Uçuş görevlileri de ek olarak yaşam kurtardıkları için takdir edilmekte. Ocak ayındaki yangına yol açan bir Japan Airlines pist çarpışması esnasında, uçuş ekiplerinin süratli tepkisi ve iletişimi, uçaktaki 379 kişinin tamamının başarıya ulaşmış bir halde tahliye edilmesiyle sonuçlandı.
Evrensel olarak en güvenli koltuk diye bir şey yoktur
Federal yetkililer, uçaklarda en güvenli koltuk diye bir şeyin olmadığını, her kazanın değişik bulunduğunu ve uçağın yere iyi mi çarptığı ve yangın olup olmadığı şeklinde faktörlerin de oldukça mühim bulunduğunu dile getiriyor.
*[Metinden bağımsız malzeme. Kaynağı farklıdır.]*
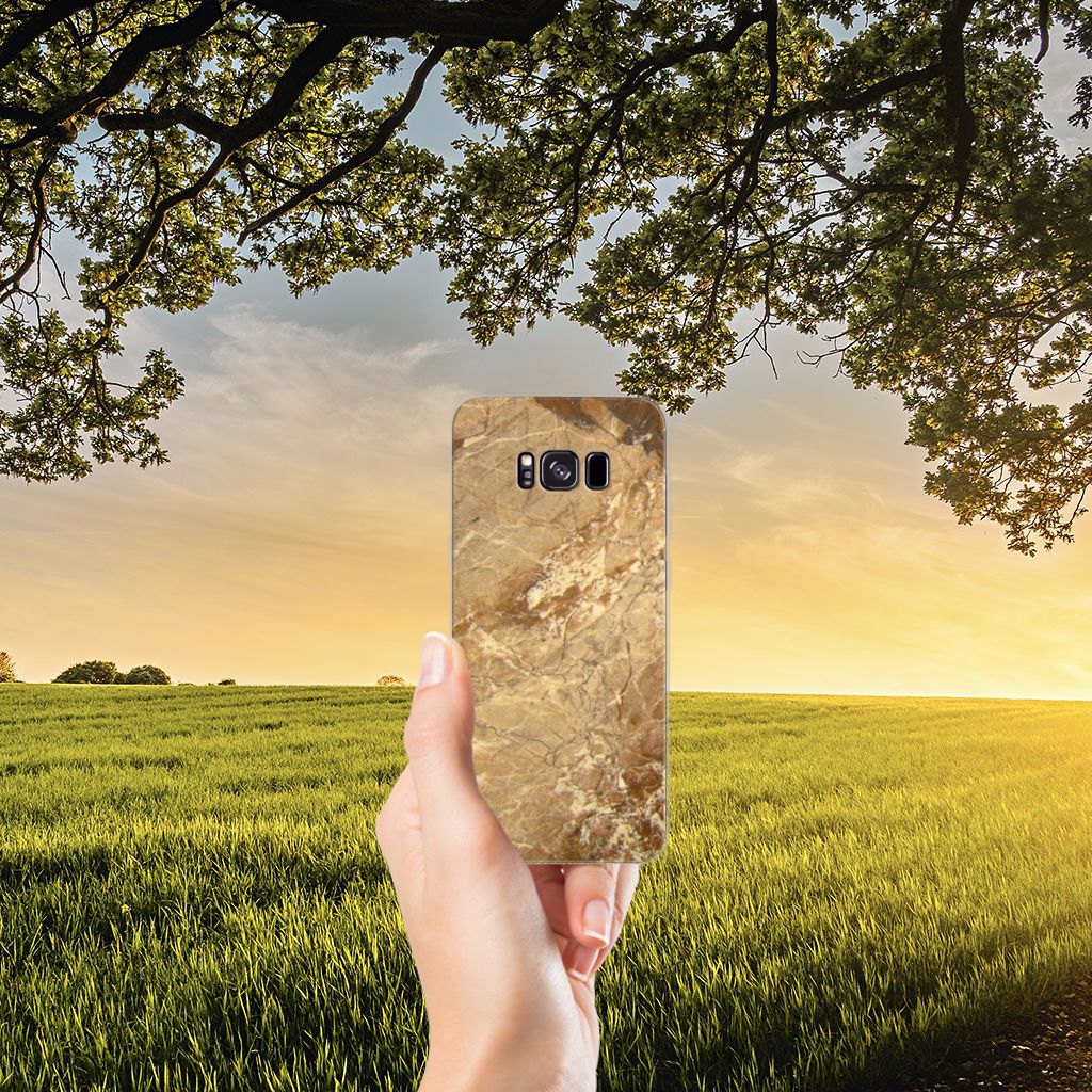 Dit design hoesje met Marmer in lichtbruine kleur is voor de artistiekelingen onder ons. De Grieken en Romeinen wisten het marmer al te waarderen door het in de bouw toe te passen. Naast het witte marmer zijn de diverse soorten marmer in een gevarieerde kleurensamenstelling te krijgen. We hebben verschillende mooie kleuren op design hoesjes gezet, zoals in dit geval het lichtbruine marmer. Dit is een Samsung Galaxy S8 Plus TPU Siliconen Hoesje met marmer in lichtbruine kleur. Het marmer wordt bedrukt op de voorkant van een tpu case, die beschikt over opstaande randen aan de voorkant en heel goed combineert met een screenprotector van glas of van folie. Door de rijkdom aan kleuren en varianties in afwerking kunnen ontwerpers met marmer schitterende architectonische projecten realiseren. Wij hebben hetzelfde gedaan en onze ontwerper veel vrijheid geboden. Het resultaat zie je terug in deze tpu case met lichtbruin marmer, die jouw smartphone goed beschermt. De zijkanten van de case worden niet bedrukt met het lichtbruine marmer.

Örneğin Sully’nin suya inişi, uçağın inişten sonrasında en oldukça risk altında olan kısmının arkası olabileceğinin bir örneği; zira tayyare su alıyordu ve arkadaki çıkış kapısı açılmıyordu; dolayısıyla o yolcular tahliye esnasında son olarak çıkanlar arasındaydı.
Iowa’daki kazada ise kurtulanların bir çok birinci sınıfın arkasındaki sıralarda sadece kanatların önündeydi. Muhtemelen uçağın yere çarpması ve iniş esnasında kırılması yardımıyla hayatta kalmışlardı, bu da insanların daha kolay kaçmasını sağlamış oldu. NTSB soruşturması, yaşamını yitiren bazı yolcuların çarpmada değil duman soluması sebebiyle yaşamını kaybettiklerini ortaya çıkaracaktı.
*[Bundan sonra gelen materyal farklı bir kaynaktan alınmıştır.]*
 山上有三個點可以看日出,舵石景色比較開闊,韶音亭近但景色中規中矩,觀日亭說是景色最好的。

1977’de PanAm’e ve KLM’e bağlı birer Boeing 747, İspanya’nın Tenerife kentinde çarpıştı ve vahim kazada 583 şahıs yaşamını yitirdi. Bu, dünyanın en ölümcül tayyare kazası olarak da kayıtlara geçti. Sadece, PanAm uçağının ön bölümünde oturan 61 şahıs kazadan sağ kurtuldu.
KLM uçağının PanAm uçağının orta ve arka bölümlerine çarpması sonucu, PanAm uçağının ön kısmının daha azca hasar alması ve insanların sol kanat yakınındaki bir açıklıktan kaçabilmesi sağlandı.
On senelerdir meydana gelen hava kazalarının değişik neticeleri olmasına karşın, sıkı güvenlik yasaları ve tayyare tasarımlarındaki gelişmeler yardımıyla, nerede oturduğunuza bakılmaksızın uçmak en güvenli ulaşım şekli.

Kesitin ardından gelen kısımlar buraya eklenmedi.